ATSC HD – The end of the story

Boosting D 805 performance 25+% yielded about 15% increase in speed transcoding SD tape captures to 640x480@29.97 around 750Kbps AVC. The following table summarize different encodes on different computes (italic is for expected times)
D 805 (2x3.4GHz)T2300(2x1.6GHz)D 805(2x2.6GHz)M 725(1.6GHz)M 360(1.6GHz)Dual Xeon(4x3.4GHz)
VTR(640x480@25)600kbps35+/2139?/19.533/1818/9
VTR(640x480@29.97) 750kbps35+/2139?/19.533/1817/945/30.5
mencoder 25fps 750kbps21.7(26)
mencoder 29.97fps 750kbps28.48
DVD (interleave) 600kbps40/2035/1818/917/9
480pSD 500kbps23/15
720pSD 800kbps17/1019/1113/813.5/13
720pSD 1Mbps10/719/118/5.5
mencoder 720pSD 1Mbps97
720pHD 1Mbps11.5/711.0/78.5/5.820/14
mencoder 720pHD 1.2Mbps7.4 of 25 (9of30)4.5
1080pHD 1.8Mbps7.3/47.2/46/???
mencoder 1080pHD 2Mbps4 of 25 (5of29.97)4.5
It pretty much boils down to the following
On performance
  1. 480p SD is real-time on current generation of processors (Core Duo, Core 2 Duo) regardless where it comes from. By real-time I mean either one-pass or 2-nd pass. Two pass encodes would go faster then 2xRT on faster processors, but the second pass would still be around RT. One pass encode although being slower because it needs more bandwidth (750 kbps vs. 600 kbps on good sources or 800+ vs. 750 on noisy sources) would still be faster then 2-pass with filtering and would create same result. 480p SD is real-time not because the processors got that much faster, but rather because there are now two of the same processors as before, i.e. for most part improvement in processor efficiencies got eaten up by scheduling between 2 threads.

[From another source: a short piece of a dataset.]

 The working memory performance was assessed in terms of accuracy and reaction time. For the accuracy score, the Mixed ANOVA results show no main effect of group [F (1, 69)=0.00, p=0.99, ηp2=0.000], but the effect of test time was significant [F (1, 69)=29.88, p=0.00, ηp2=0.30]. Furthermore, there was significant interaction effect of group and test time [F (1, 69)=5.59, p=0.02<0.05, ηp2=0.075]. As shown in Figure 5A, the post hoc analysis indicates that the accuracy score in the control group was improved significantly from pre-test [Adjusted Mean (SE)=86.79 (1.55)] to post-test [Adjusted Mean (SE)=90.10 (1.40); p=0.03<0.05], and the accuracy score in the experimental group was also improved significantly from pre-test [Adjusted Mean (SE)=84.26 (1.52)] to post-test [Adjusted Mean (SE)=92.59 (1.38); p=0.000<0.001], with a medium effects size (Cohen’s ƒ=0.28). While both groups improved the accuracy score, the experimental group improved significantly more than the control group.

  2. 720p SD is 2+xRT at 800kbps, but it needs 1000kbps on one-pass, thus it is at least 2.5xRT. Since the first pass takes the same 2xRT it would take 4.5xRT to do two-pass encode and thus it makes no sense to do 2-pass encode 720p SD on current generation of processors. It is questionable if it makes sense to encode 720p SD period – 480p would work fine for SD and could be done twice as fast.

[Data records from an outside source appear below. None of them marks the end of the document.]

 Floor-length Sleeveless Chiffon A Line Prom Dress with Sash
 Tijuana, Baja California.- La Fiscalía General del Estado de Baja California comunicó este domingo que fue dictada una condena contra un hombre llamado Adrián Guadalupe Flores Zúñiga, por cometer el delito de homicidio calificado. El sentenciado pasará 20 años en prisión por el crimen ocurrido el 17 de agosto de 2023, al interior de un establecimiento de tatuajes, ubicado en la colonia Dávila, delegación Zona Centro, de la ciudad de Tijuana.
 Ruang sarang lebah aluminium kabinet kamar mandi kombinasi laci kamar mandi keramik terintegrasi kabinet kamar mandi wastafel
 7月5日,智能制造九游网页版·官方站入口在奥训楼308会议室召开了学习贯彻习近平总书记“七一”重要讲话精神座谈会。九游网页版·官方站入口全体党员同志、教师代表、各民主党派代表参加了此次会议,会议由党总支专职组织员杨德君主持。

  3. 720p HD is 3.5-5xRT. 2nd-pass could be done in 3.5xRT at around 1Mbps. One-pass would need 1.25Mbps and thus could go as slow as 5xRT. Quad Core 2 supposedly more then 2-times faster (2-times for 4 cores, “more” for Core 2) thus 720p HD would take 2-3xRT, i.e. one-pass should clock 10+ fps – still more then two times real-time – even 4 cores cranking the best they could would make it close to what Pentium M 360 (as in Toshiba) could do to DVD since 2005.
  4. 1080p HD is 5+RT - is not happening until $350 computer would have 10 Dells D600 inside. D 805 and Yonah sometimes have difficulties playing 1080p since WMP 11 cannot thread across cores.
So as far as performance is concerned when it comes to ATSC until every shows on the air is not in HD, it is 640x480@25fps single pass at around 700kbps – no need for wide screen TV, xbox should work, D 805 should do it in 1.33xRT i.e. 22.5 fps for 29.97 stations, 45 fps for 59.94 station, 18 fps/25 fps for x264. Movies are still the best from DVD and if need be could be upconverted to 720p.
On encoding
MainConcept MP2 decoder (ad2mcdsmpeg.ax) that comes pretty much with every software these days is the best decoder because it could deinterlace and output in YV12
  • 480p from clean sources (DVD, ATSC) could be encoded around 600kbps at 25 fps in two-passes at 2xRT and 700kbps in single pass around RT (1.33RT for ATSC). Bellow 600kbps it is pushing it, but for less then 480 height is possible (like I did it with China @500kbps for 360 and better yet 368 height).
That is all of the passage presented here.